Para llegar al poder, Chávez se empeñó en cambiarnos la historia. La memoria establecida no le convenía. Había que borrarla mediante la repetición de exageraciones y patrañas. El comandante fue un maestro en estas artes de la maroma, porque sabía que las reminiscencias establecidas conspiraban contra su hegemonía. Necesitaba una clientela sin ataduras con la obra de los antepasados, una tabla rasa para comenzar a escribir en ella a su manera los anales de unos hombres que habían tomado un sendero equivocado que él venía a enderezar. No le servían los individuos relacionados con el entendimiento del pasado arraigado a lo largo del siglo. Los quería sin el estorbo de unas rememoraciones que podían descubrir el plan de una autocracia que solo podía imponerse si destrozaba los vínculos con una obra hecha con anterioridad. No le fue mal en la empresa porque, mediante la repetición de sus curiosas lecciones de historia patria, expresadas con fervor de predicador medieval, sobraron los oyentes entusiastas que recibieron con beneplácito la idea de que habíamos perdido el tiempo haciendo las cosas como las habíamos hecho desde cuando quisimos establecer la democracia.

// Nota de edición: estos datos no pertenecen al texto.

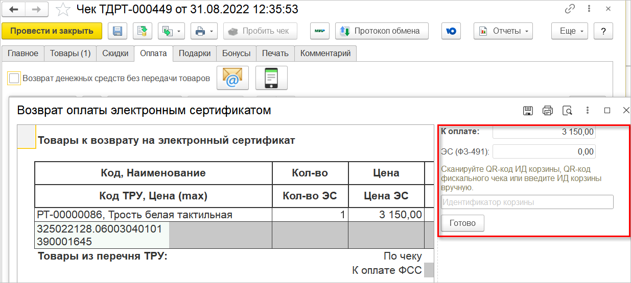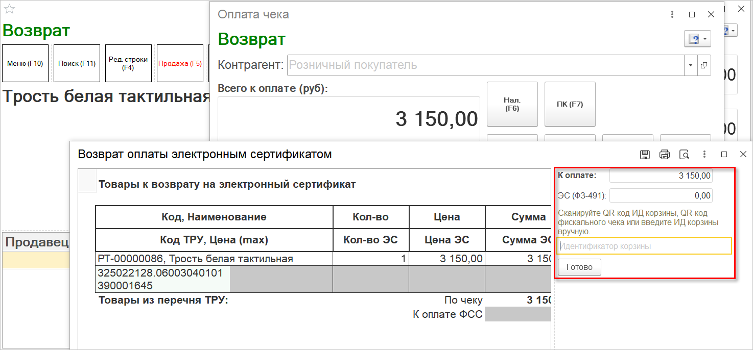 В программе имеется возможность проведения возврата товаров и услуг из перечня ТРУ по идентификатору корзины, без чека основания.
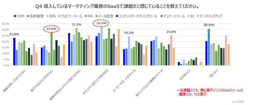 導入しているマーケティング業務のSaaSで、課題だと感じていることを聞いたところ、課題のポイントが最も高いのは「【SFA】のセキュリティ面での不安」(32.3%)、次いで、「【ウェビナーツール】の業務効率化のメリットが感じられない」(31.3%)という結果になりました。
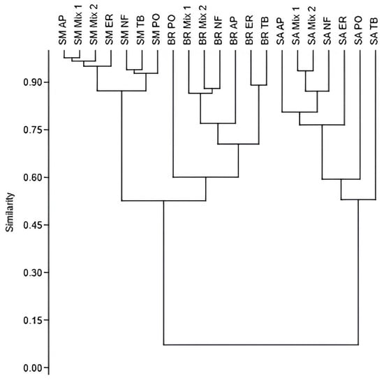 Cluster analysis for similarity between weeds observed at different sites (BR—Barra do Ribeiro; SA—Santo Ângelo; SM—Santa Maria) for treatments with cover crops used in the 2021–2022 harvest. Cophenetic coefficient of 0.97. The composition of the treatments is provided in Table 1.
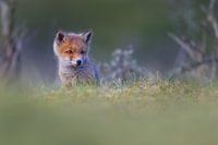 een jonge vos kijkt nieuwsgierig over een duinrandje
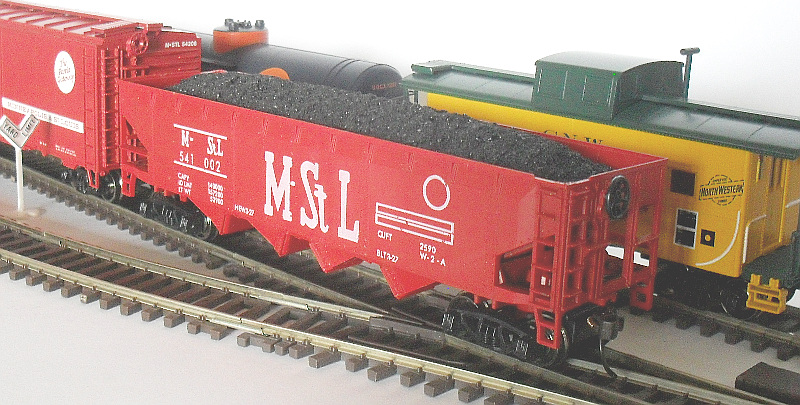 Minneapolis and St. Louis Railway quad hopper by Roco, much more like Tyco than my fancy metal ballast hoppers. Though it's a duller red in real life and most of the weight is in the coal load, I like it just the same.

La escuela de manipulación inaugurada por Chávez ha sido continuada por Maduro, pero con poca insistencia en el punto de registrar el pasado para volverlo diverso y favorable. El dictador de nuestros días carece de las mañas del maestro en el arte de revolver evocaciones. Se conforma con repetirlo desde sus carencias de discurso y pupitre, para llover sobre mojado en una parcela que, debido a los rasgos de su flácida tribuna, ya no puede dar frutos. Como sabe que no puede intentar mudanzas en el entendimiento del pasado según quiso el patrón, ha preferido cambiar el presente, es decir, asegurar que los sucesos de la actualidad no fueron como realmente fueron. No es que Chávez dejara de hacerlo en su momento, también sentó cátedra en la tergiversación de los eventos que desfilaban ante sus narices, pero Maduro ha llegado hasta el escándalo en la faena de vender las vicisitudes de la actualidad en atención a los intereses de su pulpería.

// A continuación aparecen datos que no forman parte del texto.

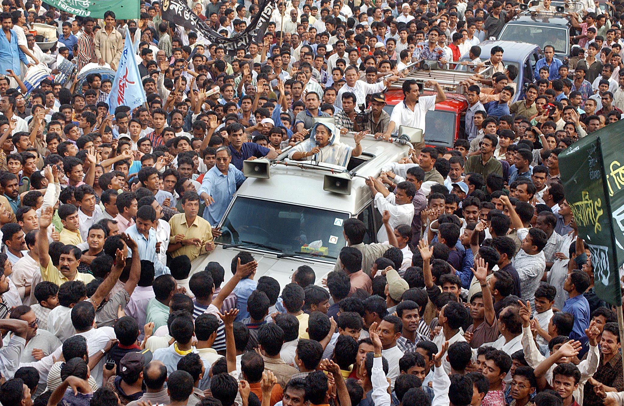 Hasina, atop the car, gestures as she shouts slogans leading thousands of her party during an anti-government demonstration in Dhaka on August 24, 2002 [File: Jewel Samad/AFP]
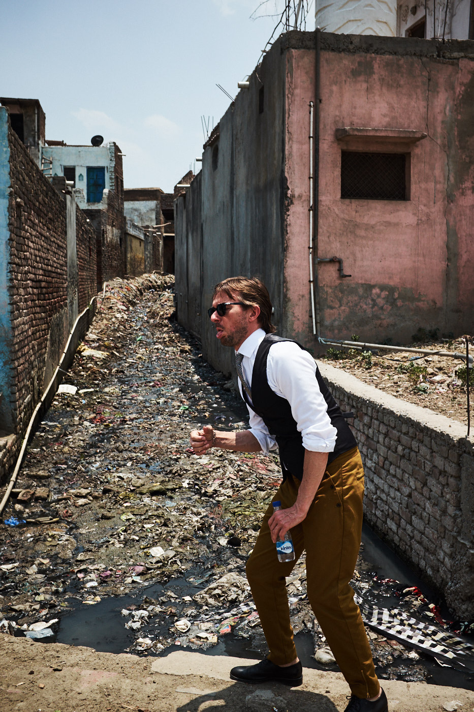 Halfway through our road trip, somewhere in the middle of Jaipur's metropolis, I tap our bus driver on his shoulder. Could you please stop for a second? One and a half steps out of the bus, I shoot out a spectacular jet of vomit. Huge! I’m really amazed. It sounds like I empty a bucket of water onto the pavement. There are about three waves. I think: What those funny Mickey Mouse ears are to Disneyland, food poisoning is to India. I'm standing with my hands on my knees, it’s half past six in the morning, about 35 degrees, I look to my left and there are three cows peacefully eating out of the open sewer about four metres away. I think to myself: 'Time for a mint'.
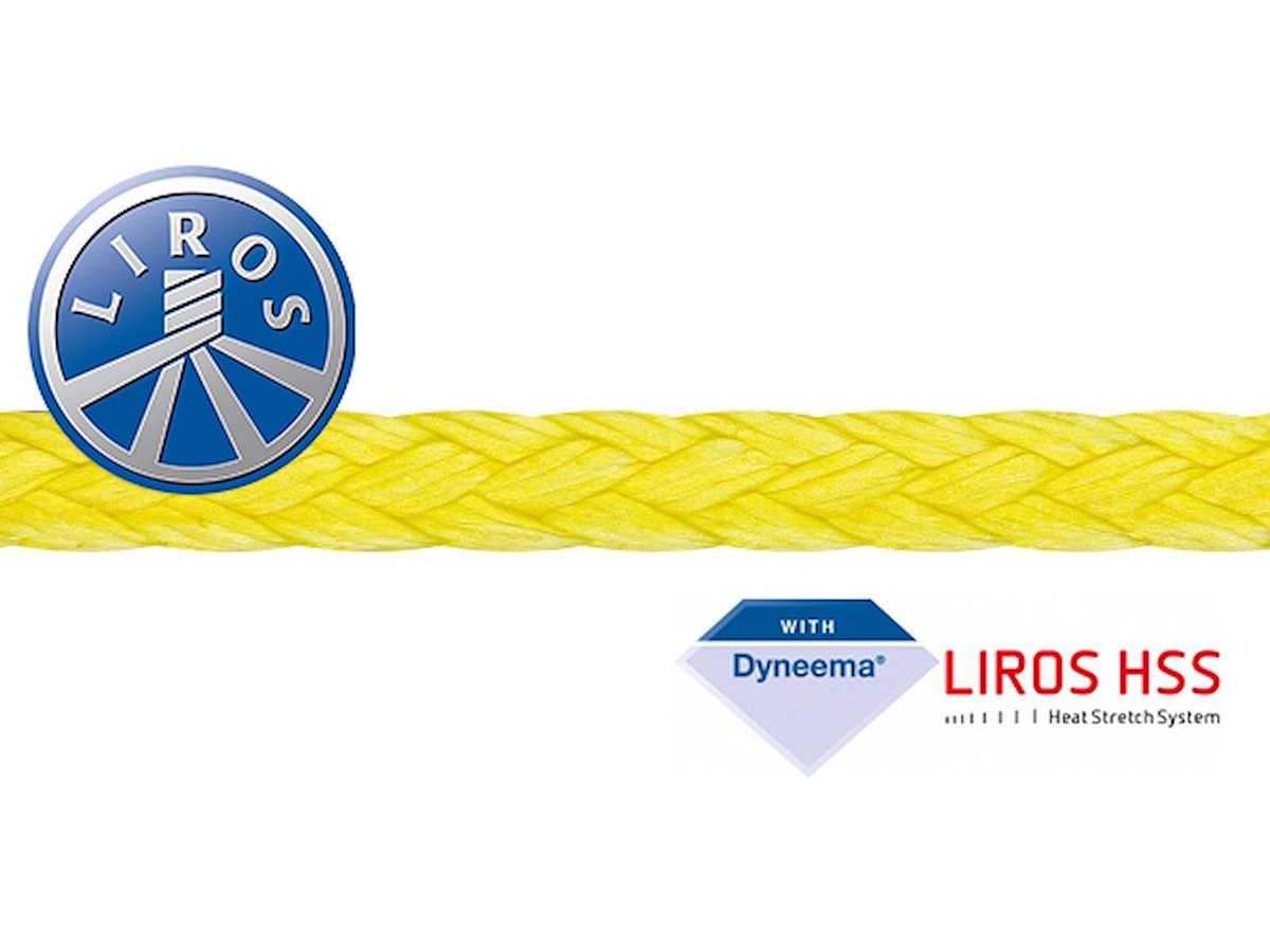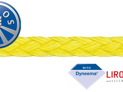 Liros Dyneema cerato SK78, sviluppata per applicazioni estreme, alta resistenza all'abrasione e nessun assorbimento d'acqua. Allungamento sotto carico <1%, carico di rottura più alto di un cavo di acciaio di pari diametro, colore GIALLO

El caso más evidente en la alquimia de cambiar la verdad por la mendacidad se localiza en la atribución que ha dispuesto en el caso de los muertos que ha dejado la lucha callejera en las protestas contra su dictadura. Los agentes del régimen, armados hasta los dientes, disparan a mansalva como si estuvieran en un polígono de tiro, los cadáveres de los jóvenes caen a diario, la sangre generosa se derrama por una causa republicana, para que él llegue a la aberración de responsabilizar de la matanza a los líderes de la oposición. Las imágenes muestran a los tiradores solazados frente a sus víctimas, la avilantez de unos cazadores sin ley ni piedad, pero el mandón mira hacia los despachos de la MUD para encontrar a los matarifes. Las protestas callejeras, según su versión, dejan de ser una manifestación legítima de descontento, una evidencia de coraje cívico y de entrega desprendida y digna, para volverse maquinaciones de unos adversarios que negocian con la mercancía enviada al matadero. Habla de carne de cañón, como no dejó de afirmar Chávez cuando le convino, pero olvida las referencias a los que disparan armas de fuego como si estuvieran en una batalla contra huestes organizadas y cargadas de herramientas realmente ofensivas.
Los muertos de los últimos meses son de la dictadura, señor Maduro, sus guardias los tumbaron a mansalva, los acribillaron desde posiciones alevosas y ventajosas. Buscar responsabilidades entre quienes cumplen su obligación de convocar actos masivos contra su dictadura es una maniobra tendenciosa y estrafalaria, aunque quizá provechosa, en la medida en que cuenta con eficaces repetidores y, de seguro, con la complicidad de una “comisión de la verdad” cuyo solo y real objeto será la fabricación de su antónimo. No es lo mismo cambiar los recuerdos que trastocar sucesos que uno vive y presencia, aunque la operación forme parte del mismo propósito de dominación. Lo primero poco a poco ha ido fracasando, porque los hechos del pasado son inamovibles, independientemente del poder de quien los quiera modificar, y vuelven finalmente a su cauce. Lo otro es dolor palpitante, que ningún poder puede convertir en memoria inerte.